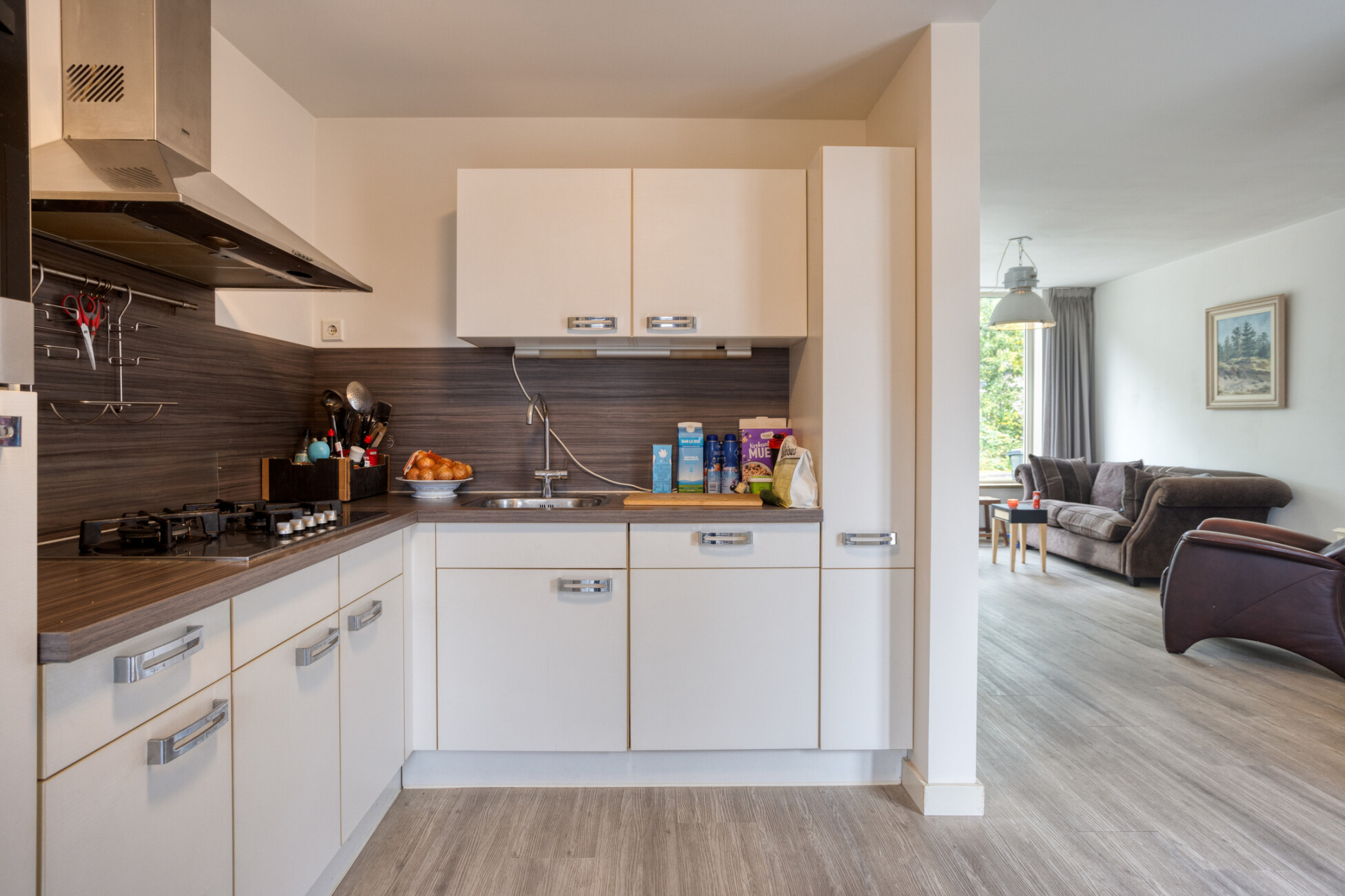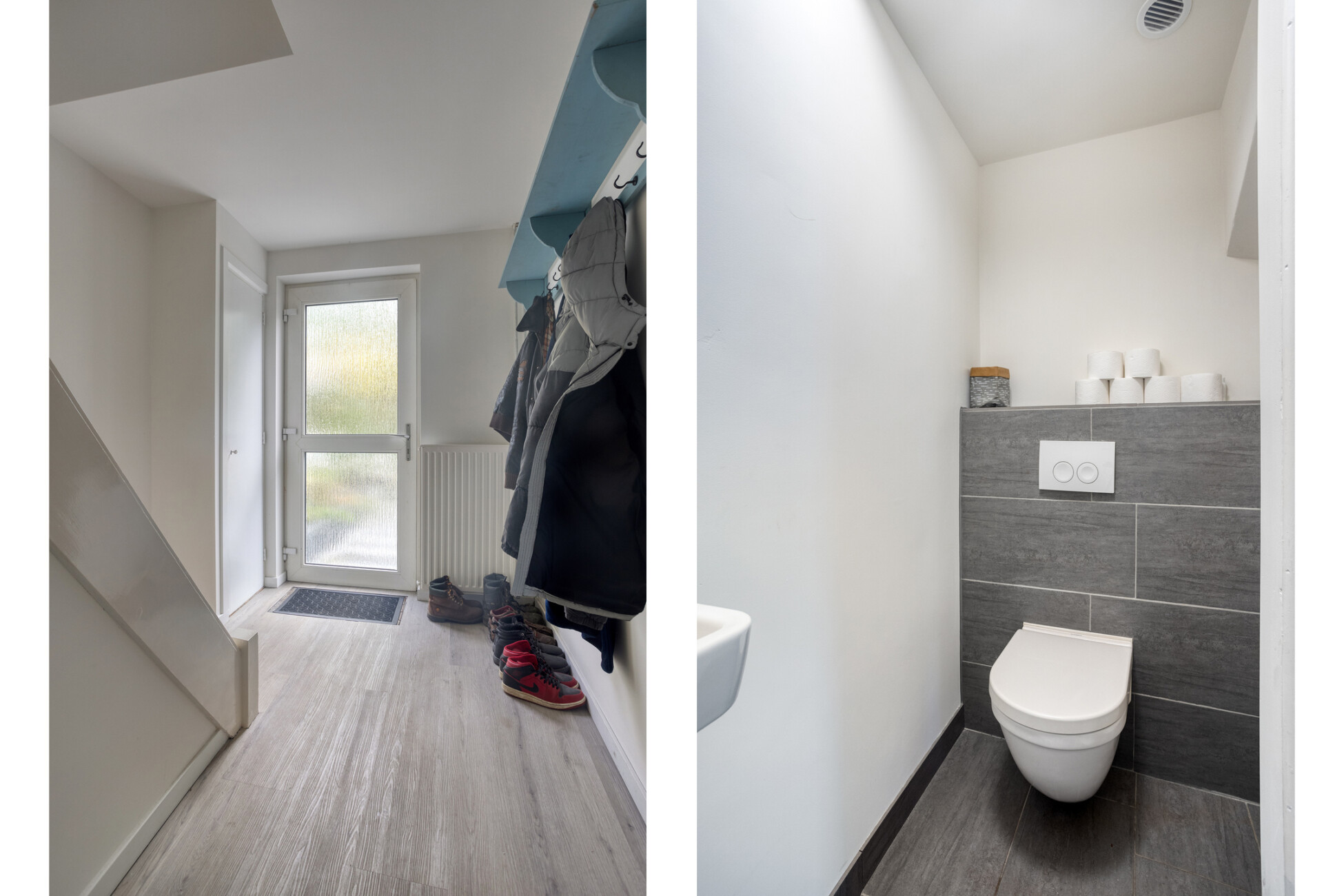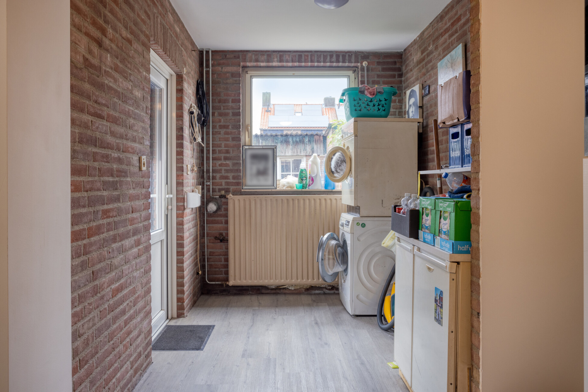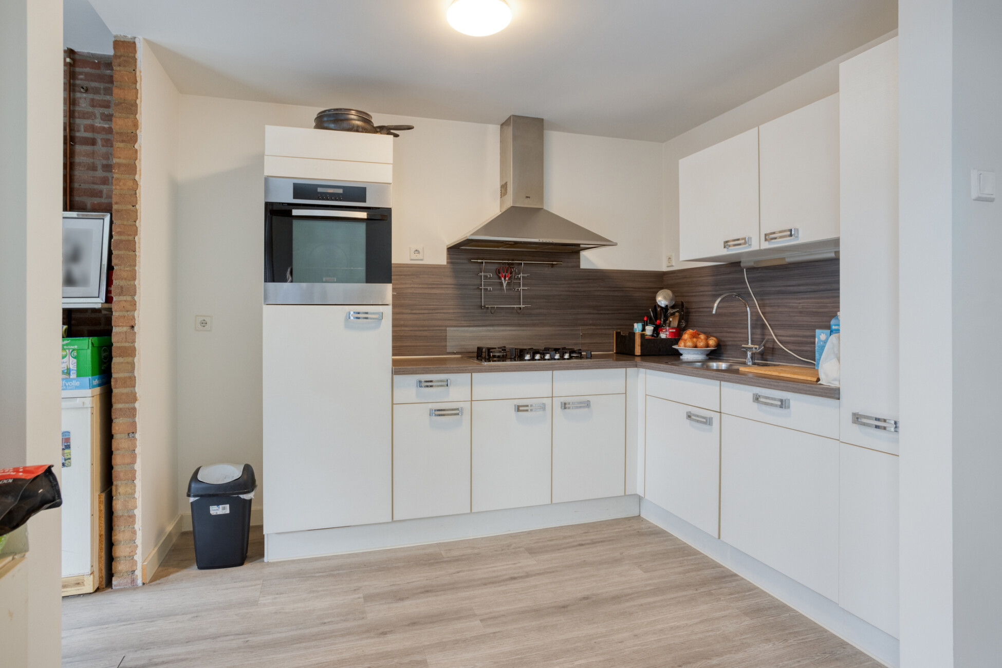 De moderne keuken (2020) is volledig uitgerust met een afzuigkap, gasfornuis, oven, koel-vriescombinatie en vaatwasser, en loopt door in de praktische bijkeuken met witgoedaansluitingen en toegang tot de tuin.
==
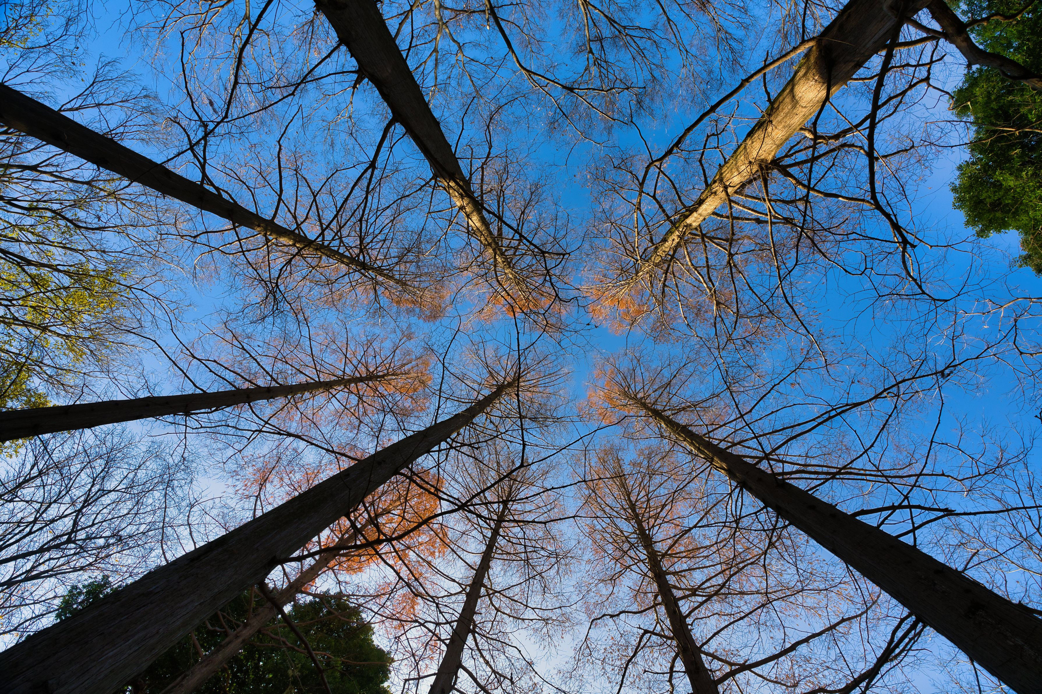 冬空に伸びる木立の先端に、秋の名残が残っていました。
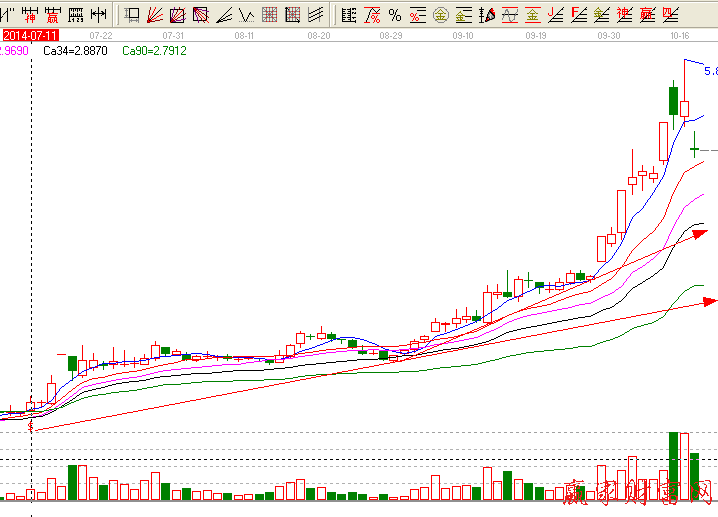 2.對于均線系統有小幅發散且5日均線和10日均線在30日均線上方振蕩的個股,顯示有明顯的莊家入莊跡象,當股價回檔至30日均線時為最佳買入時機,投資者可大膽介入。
---
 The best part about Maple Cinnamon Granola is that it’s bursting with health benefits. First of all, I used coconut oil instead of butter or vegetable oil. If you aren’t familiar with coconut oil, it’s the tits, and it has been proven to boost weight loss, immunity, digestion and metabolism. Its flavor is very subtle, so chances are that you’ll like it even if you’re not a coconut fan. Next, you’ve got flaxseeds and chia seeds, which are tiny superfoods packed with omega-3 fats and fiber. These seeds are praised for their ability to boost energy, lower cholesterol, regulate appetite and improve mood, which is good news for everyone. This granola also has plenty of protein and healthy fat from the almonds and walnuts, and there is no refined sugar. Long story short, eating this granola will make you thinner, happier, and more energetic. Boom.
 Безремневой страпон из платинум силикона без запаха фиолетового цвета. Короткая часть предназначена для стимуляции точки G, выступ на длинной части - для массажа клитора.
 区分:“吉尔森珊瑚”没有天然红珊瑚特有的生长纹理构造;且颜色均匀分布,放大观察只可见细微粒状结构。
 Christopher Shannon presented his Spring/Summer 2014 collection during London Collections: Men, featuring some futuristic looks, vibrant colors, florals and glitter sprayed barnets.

### EXERCISE OBJECTIVE
From the material above, retype precisely the lines between the line holding "Безремневой страпон из" and the line holding "Christopher Shannon presented", inclusive, and nothing beyond them.

### COMPLETED EXERCISE
 Безремневой страпон из платинум силикона без запаха фиолетового цвета. Короткая часть предназначена для стимуляции точки G, выступ на длинной части - для массажа клитора.
 区分:“吉尔森珊瑚”没有天然红珊瑚特有的生长纹理构造;且颜色均匀分布,放大观察只可见细微粒状结构。
 Christopher Shannon presented his Spring/Summer 2014 collection during London Collections: Men, featuring some futuristic looks, vibrant colors, florals and glitter sprayed barnets.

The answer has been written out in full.